We had a room with balcony on Deck 11, the Baja Deck -- that's the 11th floor -- in what is essentially a huge, 19-story high, self-contained floating hotel. The Princess was launched in 2004 as the largest passenger ship afloat, with room for 3,110 paggengers and 1200 crew.

We took off at 5:00 P.M. and slowly left the port. We watched from our, surprisingly roomy, balcony as the resort hotels and condos of North Miami Beach faded away. Our cabin was on the starboard side so we looked south as we departed. Below us were the balconies of passengers who had suites and mini-suites.

We had originally booked a mini-suite for a little more room and a larger balcony, but we heard there was little privacy on the balconies on these decks. The folks online at Cruise Critic were right, although we had great privacy on our balcony, we could look right down into all the balconies below us and to the right and left.

Soon we were in the open ocean and put on some speed. The TV in the cabin said we were going 18 knots. That's almost 21 miles per hour. It seemed quite fast, especially if you looked down at the water rushing past the side of the ship.

All you could see was sky and ocean. The sun was setting and it was time for cocktails on our balcony.

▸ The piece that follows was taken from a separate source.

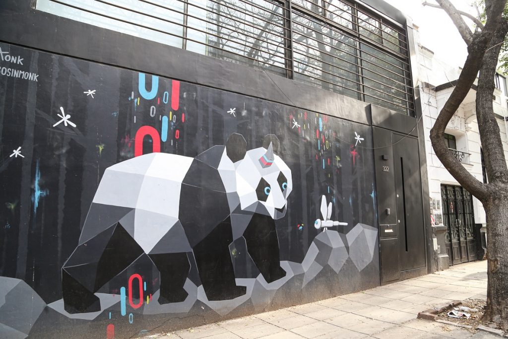 5) El mural de Andrés Agosin Monk en la calle Charlone: un «pandicornio» diseñado a pedido de unas niñas / Charlone entre Newbery y Maure
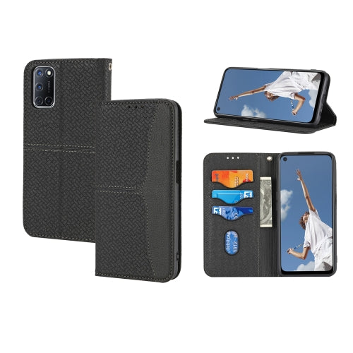 For OPPO A54 Woven Texture Stitching Magnetic Horizontal Flip PU Leather Case with Holder & Card Slots & Wallet & Lanyard(Black)

NOTE -- NAUTICAL MILE is a unit of length used in marine navigation that is equal to a minute of arc of a great circle on a sphere. One international nautical mile is equivalent to 1852 meters, 6077 feet or 1.151 statute miles. A KNOT is a unit of measure for speed. If you are traveling at a speed of 1 nautical mile per hour, you are traveling at a speed of 1 knot. During this account I will sometimes convert nautical miles to statute miles but as we are Americans you will have to figure the meters out for yourself. We don't do metric.